# Women's Hunting boots



## hogdgz (Jun 24, 2007)

I wear the Lacrosse Alpha Burley and love them! They are rubber boots so they don't leave any scent behind. I like them because the sole is actually made like an athletic shoe. They are so comfortable. The only down fall is that they can be pretty hot in the summer and spring. I am from south Georgia and our archery season begins when the temps are still in the low 90's - mid 80's, so they can get pretty hot. I still wear mine though.

Mine are not insulated like the ones in the link below. I paid $129 for them 2 years ago and they are still in great shape. We tread through the swamps all the time and through woods and fields hunting and they have held up great.

Here they are:http://www.shoebuy.com/lacrosse-alphaburly-sport-insulated-18-800gm/272146/584287


----------



## absolutecool (Mar 26, 2006)

Well here is another one of my stories...lol

I have some alpha burleys that were great until all the felt got wore off the inside right where my heels go...long story short....we hunted Saturday and I wore them becuase it was supposed to rain...which it did....my feet didn't get wet but I have two huge blisters that I am dealing with now. I am tempted to throw the boots away, they really made me mad..lol

I got a pair of Danner Pronghorns last year and absolutely love them. They are comfortable from the start and didn't need to be broken in. I will wear these from now on. The Danners are a tad expensive but you do get what you pay for. I have learned this finally and won't skimp on equipment anymore.

Good luck in your quest!!


----------



## ksgirlbowhunts (Sep 10, 2009)

I've heard Danner Pronghorns are awesome. That is the next pair that I am going to buy.


----------



## kimmiedawn (Jun 26, 2006)

Check out the Cabela's speed hunter boot. I need a new pair now, I have had mine for 8 yrs or so.. They are a midtop boot 8", light weight 3.2# a pair but water proof. And fit and wear like a athletic shoe... And not bad price for long lastin boot.. $99.99..

www.cabelas.com/link-12/product/0020767811948a.shtml 
and here is the speed hunter 2, I am wantin a pair of these next 
www.cabelas.com/p-0042975.shtml


----------



## nikkifay (Jul 13, 2009)

I have heard awesome things about the danner pronghorn but I wear a 6 1/2 so I cn't find anywhere so that I can try them on.
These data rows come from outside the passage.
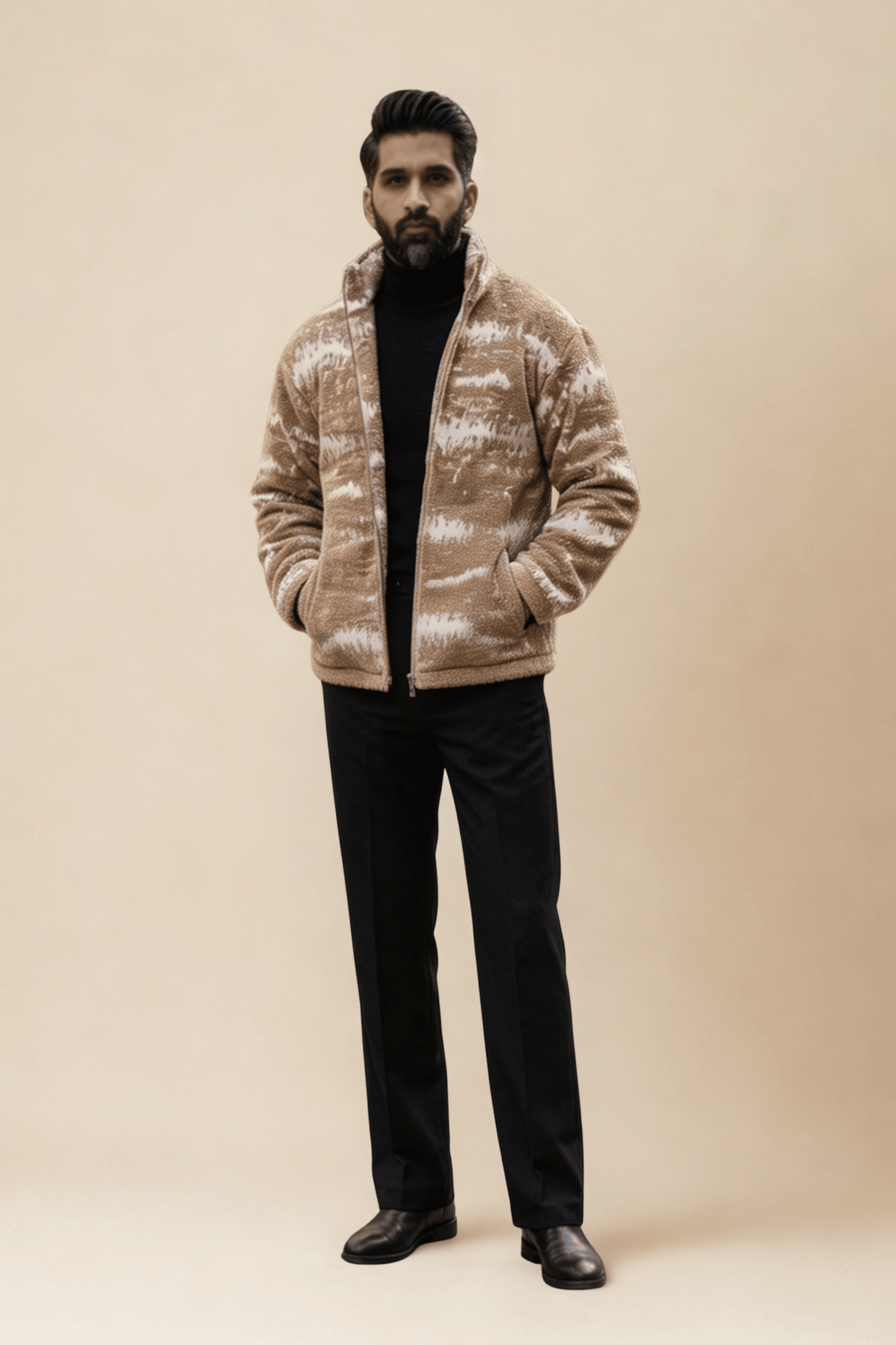 The silhouette is intentionally loose and slightly oversized, allowing it to sit comfortably across seasons and styles. Thoughtful details like a clean zip front, functional pockets, and a soft standing collar make it an instinctive choice.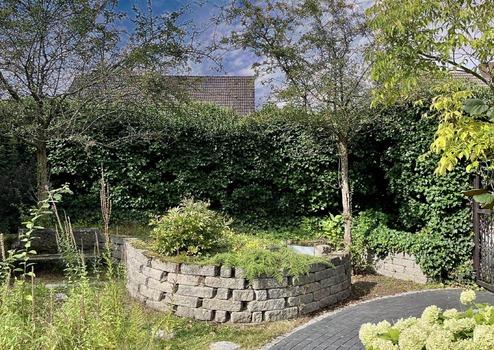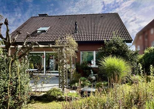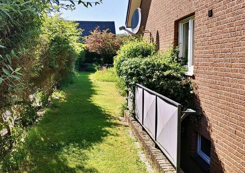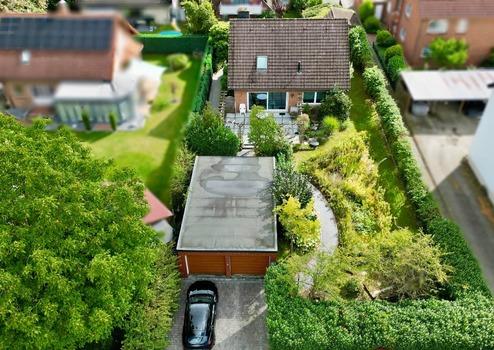 Das gut zugeschnittene und mit einem Stabmattenzaun eingefriedete Grundstück ist so angelegt, dass die Terrasse und der größte Teil des pflegeleichten Gartens Richtung Westen ausgerichtet ist. Die Doppelgarage ist mit elektronischen Sektionaltoren und einem Geräteraum ausgestattet.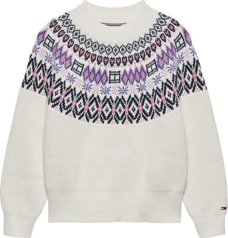 ハートやロゴをアレンジしたフェアアイル柄が丁寧に編み込まれたキュートなセーター。コットン素材のニットは、季節の変わり目からロングシーズン着回しできるのが魅力。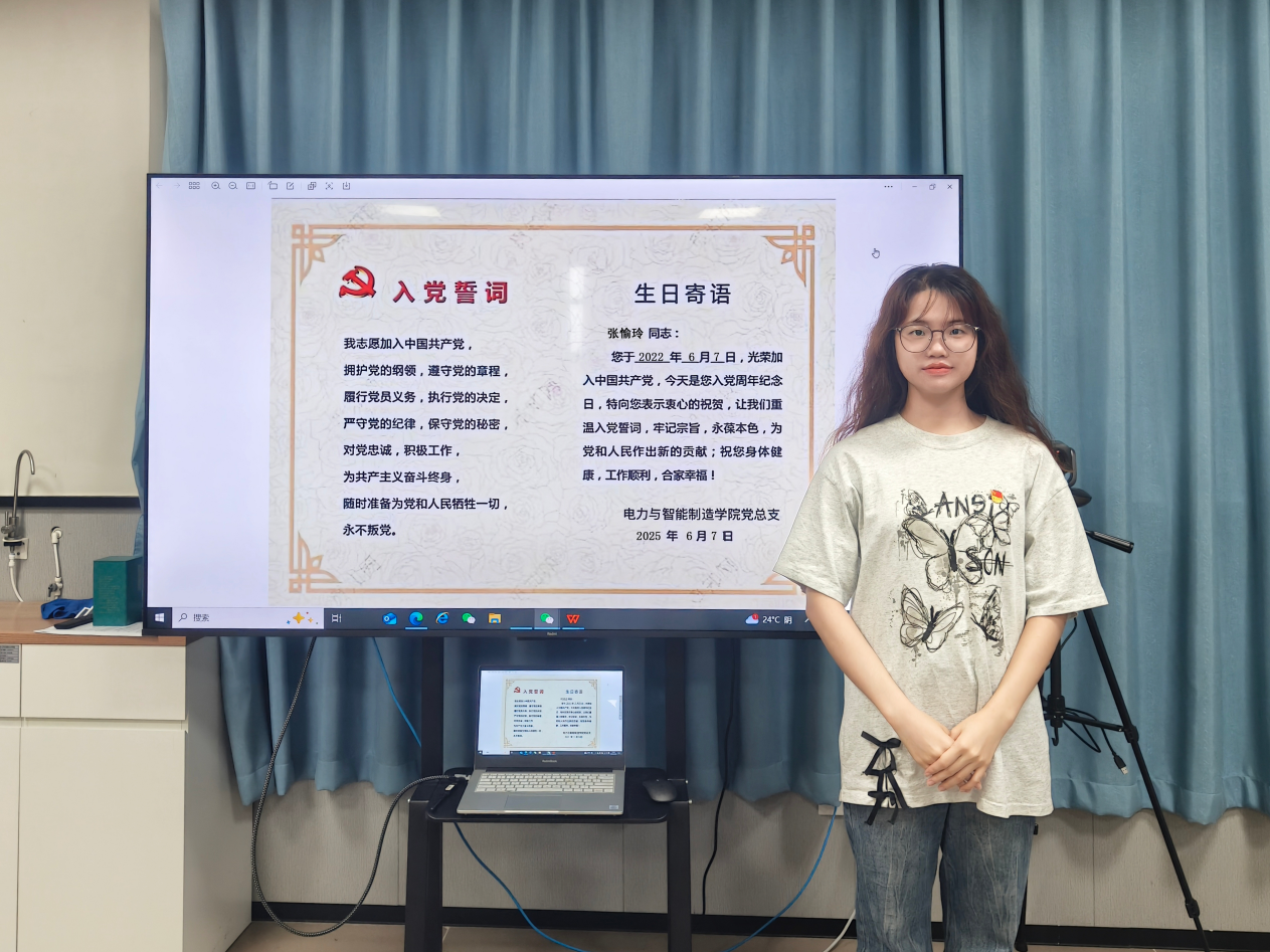 6月7日,电力与智能制造学院的党员教师张愉玲收到了学院党组织发的“政治生日”贺卡。一场庄重且意义非凡的政治生日活动在学校会议室举行。活动在庄严的氛围中拉开帷幕,张愉玲同志面向鲜艳的党旗,举起右拳,重温入党誓词。每一个字都掷地有声,每一句誓言都饱含着对党的忠诚和为党的事业奋斗终身的决心。这不仅是对入党初心的重温,更是对未来行动的承诺,激励着党员们时刻以高标准严格要求自己,在工作和生活中发挥先锋模范作用。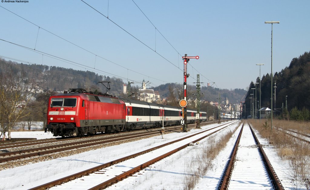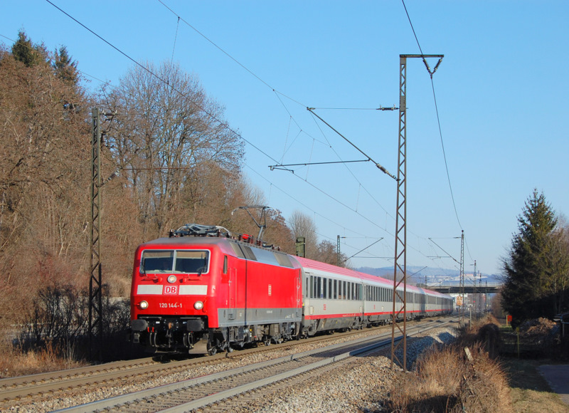 Anstatt der erwarteten 103 bespannte am 03.02.2012 die 120 144-1 den IC 118. Mit einer guten halben Stunde Verspätung passierte der elegant wirkende Zug meine Fotostelle bei Göppingen.

I bought a pair of leather hi-tek boots and I love them but after 2 years I need a new pair:sad: Needless to say I will be watching this thread closely because I really want to know too!


----------



## canam (Apr 2, 2003)

I absolutely LOVE my Muck Books! They are lightweight, durable, comfortable and waterproof! I can walk for hours in them.


----------



## absolutecool (Mar 26, 2006)

nikkifay said:


> I have heard awesome things about the danner pronghorn but I wear a 6 1/2 so I cn't find anywhere so that I can try them on. I bought a pair of leather hi-tek boots and I love them but after 2 years I need a new pair:sad: Needless to say I will be watching this thread closely because I really want to know too!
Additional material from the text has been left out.